Step S308: Use a plasma process (such as NH ₃ plasma) to process the surfaces of the plurality of second electrodes to remove the oxide layers on the surfaces of the plurality of second electrodes.

Step S309: Deposit an inorganic film layer (i.e., a second protective layer) on the side of the plurality of second electrodes away from the second glass substrate as a wrapping layer and covering layer for the second electrodes. The material of the inorganic film layer is selected from nitride. One or more of silicon, silicon oxide, silicon oxynitride, titanium oxide and aluminum oxide.

Step S310: Coat a photoresist material with a certain thickness through a spin coating process (Spin Coating) or a slit coating process (Slit Coating), and then pattern the photoresist material through an exposure process to form multiple Spacers.

Step S311: Form a polyimide (PI) layer on the side of the first protective layer away from the first glass substrate and the side of the second protective layer away from the second glass substrate respectively, and then perform an orientation process to form a polyimide (PI) layer including the first protective layer. a first substrate with an alignment layer and a second substrate including a second alignment layer.

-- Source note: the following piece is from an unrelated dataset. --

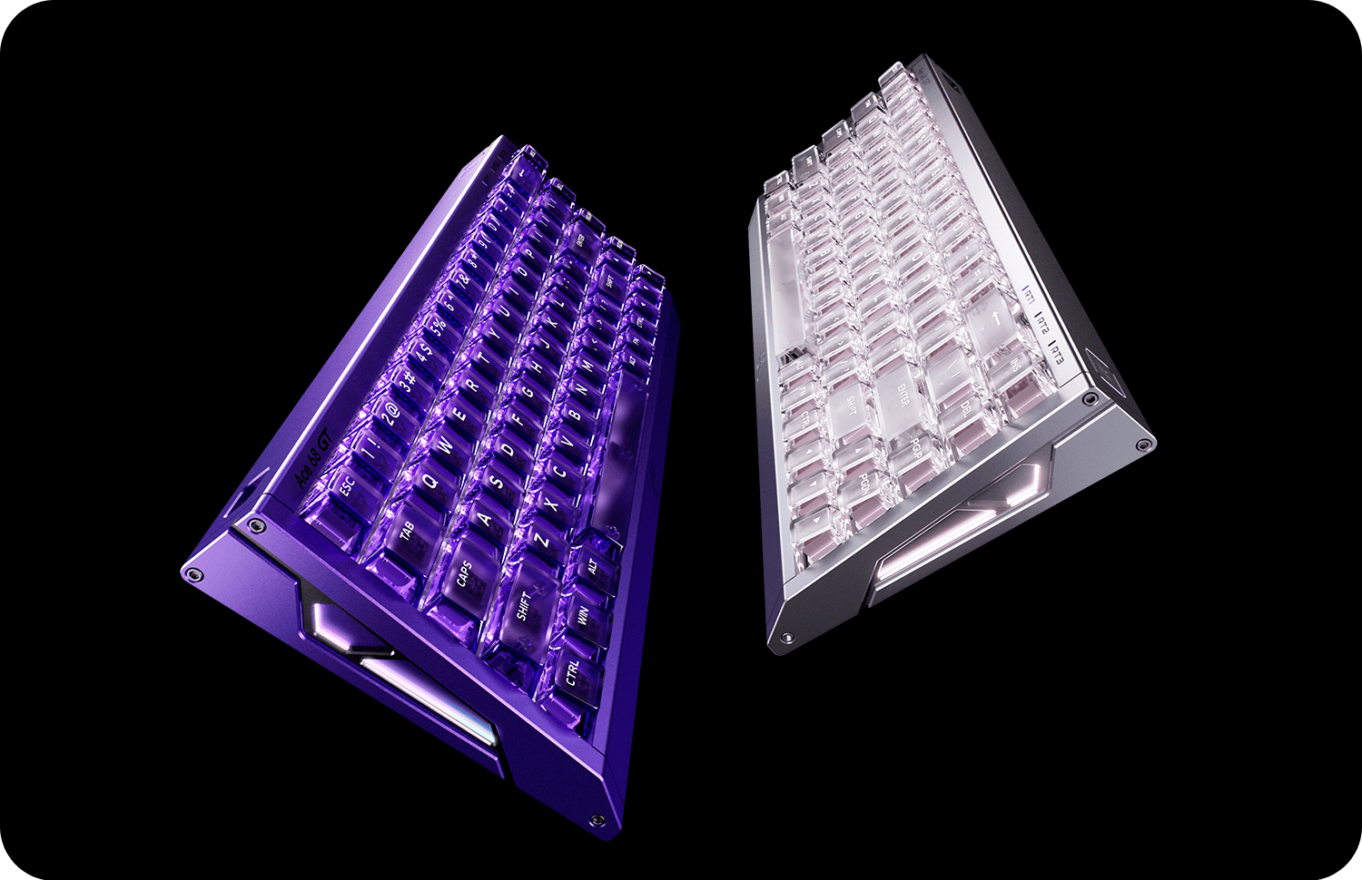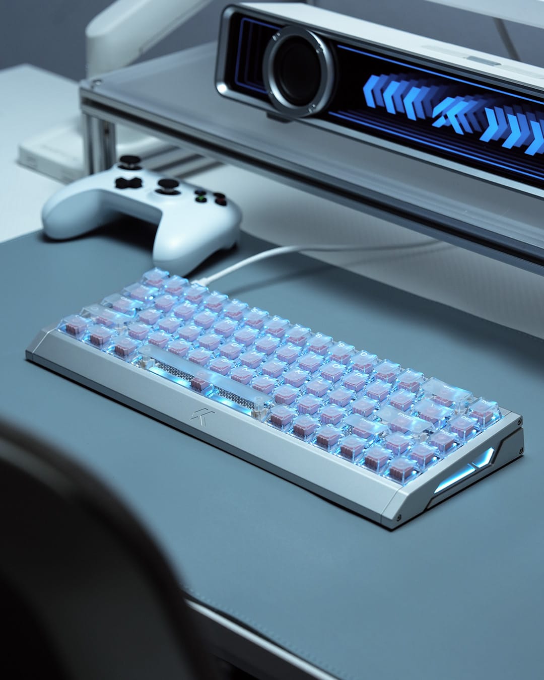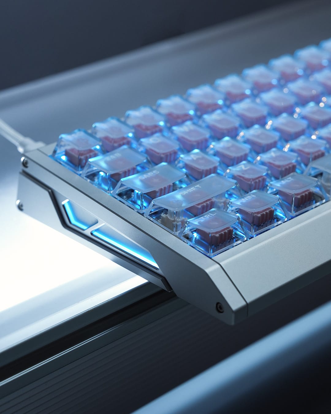 The CNC aluminum body, finished with anodization and a high-polymer coating, pairs clean lines and solid structure with transparent PC keycaps that let light flow through—creating a refined, durable build with depth, subtle illumination, and a precise, elevated typing experience.

Step S312: Assemble the first substrate and the second substrate to form a liquid crystal cell, and inject liquid crystal material into the liquid crystal cell to form a tunable phase shifter.

The following points need to be explained:

(1) In the drawings of the embodiments of the present disclosure, only the structures related to the embodiments of the present disclosure are involved, and other structures may refer to common designs.

(2) Features in the same embodiment and different embodiments of the present disclosure can be combined with each other without conflict.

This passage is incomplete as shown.